Граф Савищев понимал, что ему не поможет никто, кроме Николаева, и потому, выбравшись когда стемнело, из-под балкона, прямо направился в трактир, где обыкновенно бывал Орест, нашел его там, рассказал ему все, и Орест привел его к Саше Николаичу. И здесь он стал рассказывать, припасая под конец тот камень, которым хотел доконать ненавистного ему Николаева. Он не сомневался, что тому будет до боли обидно, когда он узнает, что княгиня Мария только ради денег разговаривала с ним.
В этой причиненной боли другому мелкая душонка Савищева видела хоть некоторое удовлетворение за свои несчастья. Для одного этого он был готов признаться во всем Саше Николаичу.
48. Святая сумма
Наденька Заозерская сидела по обыкновению с теткой, и они обе вязали напульсники для бедных.
Княгиня Гуджавели в последнее время все реже заезжала за Наденькой, и та скучала в своем одиночестве еще больше после того как судьба в лице княгини побаловала ее и дала ей возможность хоть немного окунуться в жизнь того счастливого общества, которое только и заботится о своем удовольствии и сумело выработать как бы целый кодекс разнообразия этих удовольствий.
И вот снова сидение с больной теткой, снова напульсники, огромное окно на Неву и широкая Нева, однообразно катящая свои волны… И так изо дня в день, без конца и просвета!

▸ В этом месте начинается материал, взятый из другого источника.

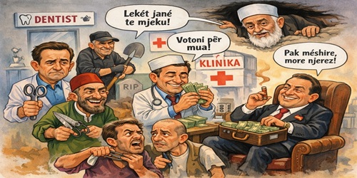 Ankohet dentisti: - S’kam punë!,Ia kthen Xharrahu: - Ta them unë:Pacienti ka tridhjetë e dy dhëmbë,kurse unë, vetëm një ndër këmbë! Me synet një herë në gjithë jetën,si ta mbush i shkreti unë kuletën?Kërcen varrmihësi: - Jam me ty,njëherë vdes njeriu, s’e sheh me sy!...

Наденька сидела, вязала и глядела в окно, и думала о бедной женщине с ребенком, о которой ей сегодня утром рассказала ее горничная, единственная искренняя приятельница ее. С ней только и можно было поговорить по душам, когда Наденька хотела этого.
Сегодня утром она пожаловалась Насте (так звали горничную) на свою судьбу.
– И, полноте, барышня! – возразила та, покачав головой, – вон посмотрели бы, женщина лежит больная, с ребенком – девочкой, семь лет недавно минуло! Уж, значит, все понимает! Мать-то уж второй месяц не встает. Вот этакой жизни не дай бог!
– А где же ее муж?
– А Бог его знает, где!.. Много горя на свете, барышня!.. А вы говорите, ваша жизнь не красна!..
– Так ведь надо же помочь этой женщине! – сейчас же решила Наденька.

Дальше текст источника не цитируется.